I always hate to harp on a point, even an important one. But that's what I am going to do in this blog. So if you're the type who never liked hearing from mom that you should eat your vegetables, you may want to move on.
Thanks to aggressive contract negotiations, UK companies are getting price concessions of up to 23 percent from their outsourcing suppliers, according to a recent Compass Management Consultancy study. Yet that's not necessarily a good thing. A silicon.com article quotes Geraldine Fox, the company's director of sourcing services:
We are seeing aggressive, high-level targets plucked from the air in contract negotiations which bear little relation to what the business needs. Asking for a 20 per cent cut across the board could be too much -- and drive a contract to failure.

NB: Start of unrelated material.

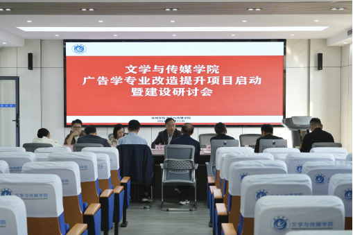 10月11日,文学与传媒学院广告学专业改造提升项目启动暨建设研讨会在博物楼视听实训室举行。安徽省广告协会名誉秘书长刘先艾,蚌埠学院艺术设计学院院长胡飞等专家和有关从业人员参会。会议由学院广告学教研室主任郑珺主持。

As I just blogged earlier this month, citing my recent interview with Deloitte Consulting's Hobart Harris, emphasizing short-term cost savings over long-term process improvement leads to disappointment in many outsourcing initiatives.
Though a desire for competitive pricing is one of the main drivers behind the growing popularity of a multi-sourcing model, Harris says that many companies fail to take into account the costs and complexity of transferring services from one supplier to another.
Indeed, in their haste to pat themselves on the back for driving a hard bargain, many companies miss larger cost ramifications. Fox tells silicon.com that suppliers often manage to recoup early discounts over the life of an outsourcing contract. Also, she cautions, managers tend to treat outsourcing costs as discretionary spend, despite the fact that their suppliers may provide core services.
This IT Week article offers some good and pragmatic advice on renegotiating an outsourcing contract. Among the suggestions: Meet regularly with suppliers and use pre-determined metrics to discuss whether the desired goals are being attained. Ask for additional services at the same cost, rather than a lower price.